For his 'New and Selected Poems', Goblin Lawn, Peter Bennet has concentrated mostly on work written since 1999, including his two most ambitious poems, the historically rich and complex sequences, The Long Pack and Jigger Nods. The other three sections consist of shorter poems: twenty from his collection Ha-Ha, twenty from Noctua, and a final group of twenty-one new and uncollected poems gathered under the erudite subtitle Apokatastesis. Bennet is a perfectionist wordsmith who demands attentive reading.
Peter Bennet's world is richly and idiosyncratically imagined, a place where mysteries occupy strangely familiar landscapes, where folktale and proverb intersect with the contemporary, and where nothing is as secure or simple as it seems. The poems are full of telling detail and yet crisply economical, driven by an exact and surprising musicality. Bennet is an original: new readers have rich pleasures in store.
Sean O'Brien
An individual voice is present, unaffected, direct and conversational, but capable without the least sense of dislocation of rising to a note of restrained rhetorical power.
Vernon Scannell
These poems grow on you. They repay renewed and careful reading. Where they first seem obscure, they become intriguing; then rather haunting, glimpses of lives in a variety of strange circumstances and locations. They are very careful, even compressed; but the effect, as you read again, is of something — disquiet, regret, fear — being opened up.
David Constantine
There is humour, too, a wild gothicity as if damped down by Novocaine.
John Lucas
Goblin Lawn costs £8.50 and was published in September 2005.
ISBN: 978-1-873226-77-3
Photo: Justine Lester
Peter Bennet lives in rural Northumberland near the Wild Hills o'Wanney, a strangely accoustical landscape which inspired the ballad-writer James Armstrong, and gave the young Kathleen Raine her first sense of another, more essential world.

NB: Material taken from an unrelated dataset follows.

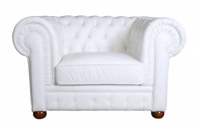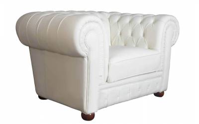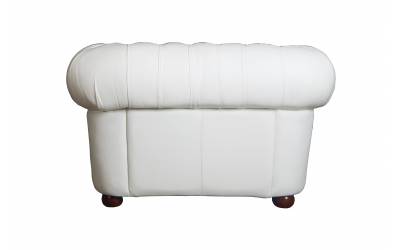 При знакомстве с креслом Chesterfield из коллекции «Честер» сразу бросается в глаза одно из главных его достоинств – изумительный белый цвет. Он позволяет без проблем поместить эту вещь в любой интерьер: она одинаково гармонично впишется в светлую комнату и оживит темную. И не беспокойтесь, что на белой обивке быстро появятся пятна: высококачественная кожа успешно противостоит загрязнениям.

He taught at five schools, including the Royal Grammar School, Newcastle upon Tyne, and then worked in adult education for a number of institutions throughout the North East: Derwentside College, Newcastle University, Northumberland College, the Open University, and Sunderland University. Subsequently he spent sixteen years as Tutor Organiser for Northumberland with the Workers' Educational Association.
He was Associate Editor of Stand from 1995 to 1998, and is a co-editor of Other Poetry. He received a Poetry Book Society Recommendation in 2005 for Goblin Lawn.